┌──

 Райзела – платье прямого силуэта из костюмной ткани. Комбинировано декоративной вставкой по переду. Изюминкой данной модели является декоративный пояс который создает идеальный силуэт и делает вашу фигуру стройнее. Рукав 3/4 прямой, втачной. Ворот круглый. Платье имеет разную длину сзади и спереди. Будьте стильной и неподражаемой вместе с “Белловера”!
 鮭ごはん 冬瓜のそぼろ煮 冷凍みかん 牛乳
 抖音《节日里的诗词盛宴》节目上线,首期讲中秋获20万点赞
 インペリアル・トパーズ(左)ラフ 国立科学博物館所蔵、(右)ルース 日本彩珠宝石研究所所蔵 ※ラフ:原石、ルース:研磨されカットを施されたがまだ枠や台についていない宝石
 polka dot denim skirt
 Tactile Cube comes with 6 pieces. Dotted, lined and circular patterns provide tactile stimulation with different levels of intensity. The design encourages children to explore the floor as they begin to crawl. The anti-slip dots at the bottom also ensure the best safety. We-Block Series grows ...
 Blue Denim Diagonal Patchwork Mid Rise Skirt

└──
┌──

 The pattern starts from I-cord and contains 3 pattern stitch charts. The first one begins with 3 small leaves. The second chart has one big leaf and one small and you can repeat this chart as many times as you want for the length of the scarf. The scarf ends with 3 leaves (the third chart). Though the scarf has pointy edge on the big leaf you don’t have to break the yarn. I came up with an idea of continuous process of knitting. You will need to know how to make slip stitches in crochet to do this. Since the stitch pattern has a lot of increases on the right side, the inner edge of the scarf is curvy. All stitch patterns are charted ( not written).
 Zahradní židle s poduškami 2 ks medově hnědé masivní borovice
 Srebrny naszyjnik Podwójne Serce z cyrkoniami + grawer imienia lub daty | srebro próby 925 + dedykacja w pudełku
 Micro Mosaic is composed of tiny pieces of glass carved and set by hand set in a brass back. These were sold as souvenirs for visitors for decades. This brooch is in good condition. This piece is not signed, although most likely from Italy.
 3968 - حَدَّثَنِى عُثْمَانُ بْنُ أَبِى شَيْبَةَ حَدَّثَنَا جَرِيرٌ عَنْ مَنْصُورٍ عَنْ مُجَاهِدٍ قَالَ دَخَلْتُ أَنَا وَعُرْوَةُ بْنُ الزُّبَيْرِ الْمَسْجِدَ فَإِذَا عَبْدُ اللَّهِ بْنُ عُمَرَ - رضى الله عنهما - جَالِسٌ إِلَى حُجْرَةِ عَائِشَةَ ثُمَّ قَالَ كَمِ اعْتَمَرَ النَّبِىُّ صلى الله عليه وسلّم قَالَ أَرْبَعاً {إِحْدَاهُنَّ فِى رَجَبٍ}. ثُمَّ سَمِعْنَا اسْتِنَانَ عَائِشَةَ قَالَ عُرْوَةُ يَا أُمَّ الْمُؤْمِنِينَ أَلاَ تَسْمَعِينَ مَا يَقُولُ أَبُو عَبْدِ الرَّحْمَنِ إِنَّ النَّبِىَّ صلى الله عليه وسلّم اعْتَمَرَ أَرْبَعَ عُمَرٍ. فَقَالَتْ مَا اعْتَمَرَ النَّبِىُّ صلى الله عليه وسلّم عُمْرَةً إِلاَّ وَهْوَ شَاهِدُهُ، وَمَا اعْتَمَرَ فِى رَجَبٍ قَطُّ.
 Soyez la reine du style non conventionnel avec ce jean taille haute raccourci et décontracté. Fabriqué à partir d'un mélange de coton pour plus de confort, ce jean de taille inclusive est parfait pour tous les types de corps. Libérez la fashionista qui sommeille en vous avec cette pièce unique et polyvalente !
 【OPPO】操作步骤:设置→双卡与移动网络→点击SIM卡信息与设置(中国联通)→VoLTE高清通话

└──
┌──

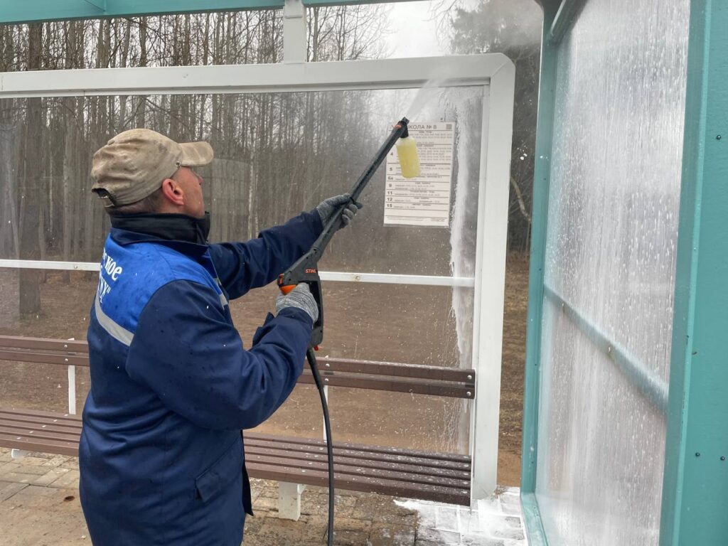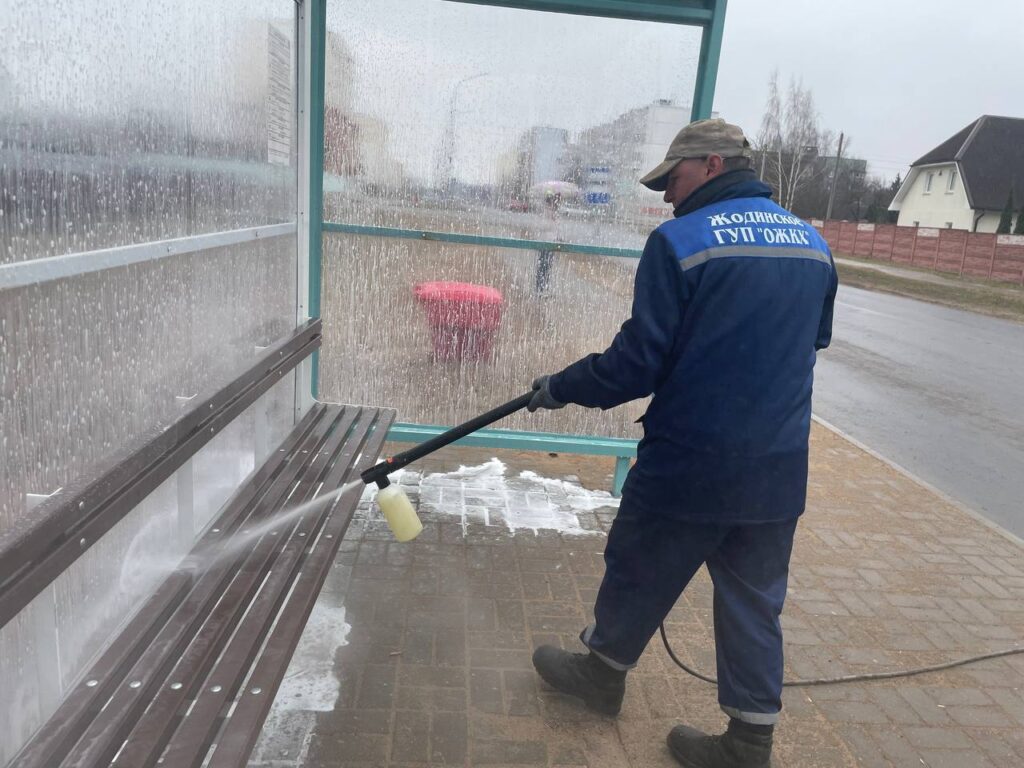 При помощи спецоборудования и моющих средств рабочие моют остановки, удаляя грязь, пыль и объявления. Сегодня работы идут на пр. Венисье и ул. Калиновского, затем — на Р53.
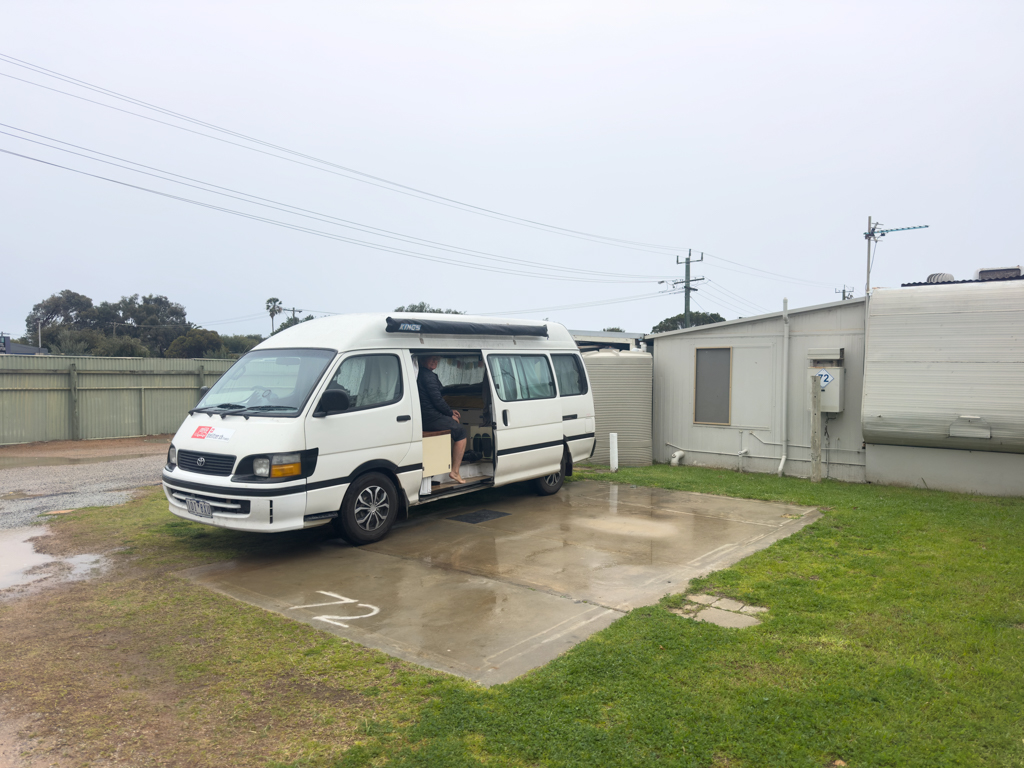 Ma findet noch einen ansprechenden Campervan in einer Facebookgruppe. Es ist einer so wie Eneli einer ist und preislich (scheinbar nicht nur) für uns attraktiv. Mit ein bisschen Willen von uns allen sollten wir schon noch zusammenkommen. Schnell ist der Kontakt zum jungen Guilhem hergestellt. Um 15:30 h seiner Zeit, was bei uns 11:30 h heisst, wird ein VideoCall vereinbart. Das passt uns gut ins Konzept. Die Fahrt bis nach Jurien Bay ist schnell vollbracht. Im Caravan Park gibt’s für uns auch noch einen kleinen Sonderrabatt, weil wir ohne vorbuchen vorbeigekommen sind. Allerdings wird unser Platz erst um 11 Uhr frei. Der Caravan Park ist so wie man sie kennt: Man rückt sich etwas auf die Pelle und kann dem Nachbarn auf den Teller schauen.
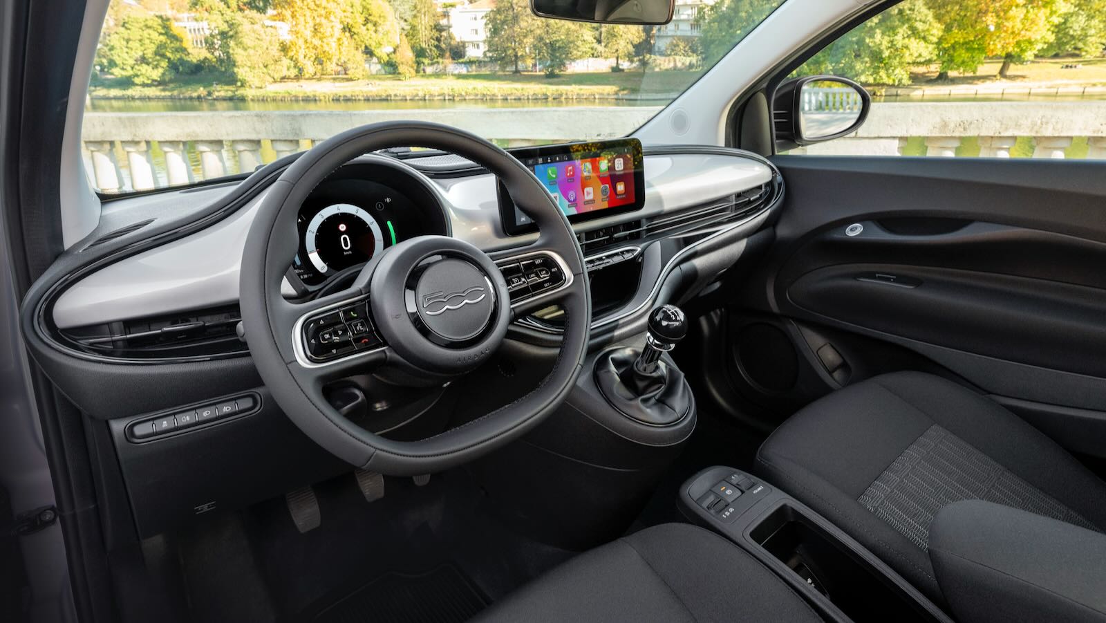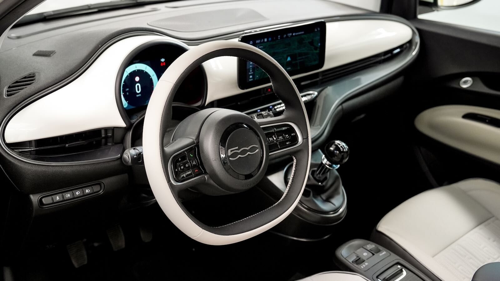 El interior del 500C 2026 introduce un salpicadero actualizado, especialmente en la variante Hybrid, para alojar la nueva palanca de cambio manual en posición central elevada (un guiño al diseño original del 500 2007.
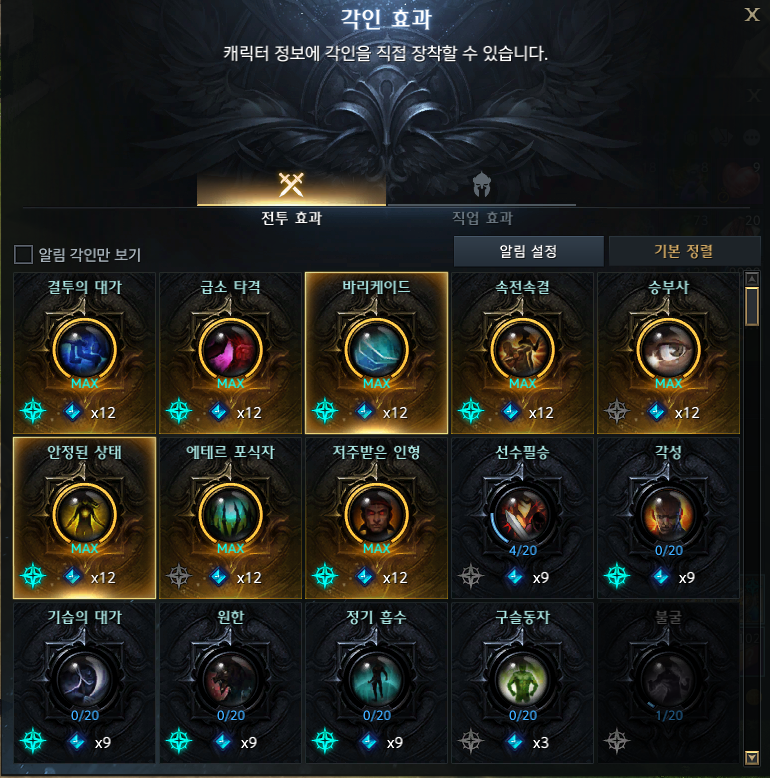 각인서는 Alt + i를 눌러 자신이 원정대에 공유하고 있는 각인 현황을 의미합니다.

└──

Aim of the exercise: Could you repeat exactly the lines in the listing above from the one with "Srebrny naszyjnik Podwójne" down to the one with "Micro Mosaic is"? Include both of those lines.

Answer below:
 Srebrny naszyjnik Podwójne Serce z cyrkoniami + grawer imienia lub daty | srebro próby 925 + dedykacja w pudełku
 Micro Mosaic is composed of tiny pieces of glass carved and set by hand set in a brass back. These were sold as souvenirs for visitors for decades. This brooch is in good condition. This piece is not signed, although most likely from Italy.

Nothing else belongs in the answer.